I have an issue that's driving me nuts. I have created a ASP.Net project in Visual Studio 2015 with a predefined template. The target framework is 4.5
When I added Forms authentication, all I got was a 401.2 message.
This is how I configured the application: I created a Login.aspx page. Then in the web.config I added the following properties in the system.web section:
<authentication mode="Forms">
<forms loginUrl="Login.aspx"
protection="All"
timeout="30"
name=".ASPXAUTH"
path="/"
defaultUrl="Default.aspx" />
</authentication>
<authorization>
<deny users="?"/>
<allow users="*"/>
</authorization>
I checked some other posts, but none helped me out so far:
This one is not applicable: Access is Denied - 401.2: Unauthorized Error
This one looked promising, but no cigar for my app: .NET Forms Authentication using IIS8.0 Express (vs2013) - 401.2.: Unauthorized: Logon failed due to server configuration
This one got me thinking: https://stackoverflow.com/a/35925125/980201
When I check the IIS(Express) logfile, this is what I get:
2017-02-24 19:29:22 ::1 GET / .... - 302
2017-02-24 19:29:22 ::1 GET /Login ReturnUrl=%2f .... - 401
Where did the .aspx in Login.aspx go?
So I removed all FriendlyURL stuff, but no luck again.
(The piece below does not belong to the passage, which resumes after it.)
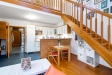 - světlý obývací pokoj s kuchyňským koutem do L a barovým pultem (indukční varná deska, elektrická trouba, digestoř, lednice s mrazákem, myčka)
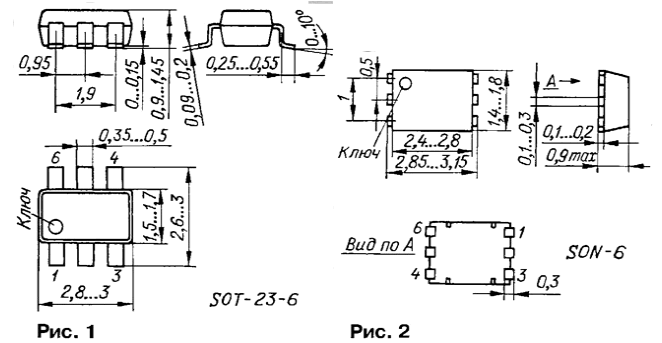 Их выпускают в нескольких конструктивных модификациях: NCP802SN1T1 - в малогабаритном пластмассовом корпусе SOT-23-6 (рис. 1), а NCP802SAN1T1 и NCP802SAN5T1 - в пластмассовом корпусе SON-6 (рис. 2) еще меньших размеров.

In a final attempt I changed my config to:
<forms loginUrl="LoginXXX.aspx"
And this is what I got:
2017-02-24 19:45:37 ::1 GET / ... - 302
2017-02-24 19:45:37 ::1 GET /LoginXXX.aspx ReturnUrl=%2f 57745 - 404
Why does .Net redirect to login instead of login.aspx ? Any other thoughts on my app and config file?
Thanks a lot!
Regards Roeland
Edit Some unexpected turn of events: when I start debugging in VS with Login.aspx.cs as the current tab, it fails. When I start debugging from Default.aspx.cs it works. Setting the Start Action of my project to Default.aspx solves the issue. However, when the site runs, changing the url to login.aspx makes it fail again.
Why? It doesn't make sense to me that only page that is everyone allowed to see, cannot be navigated directly.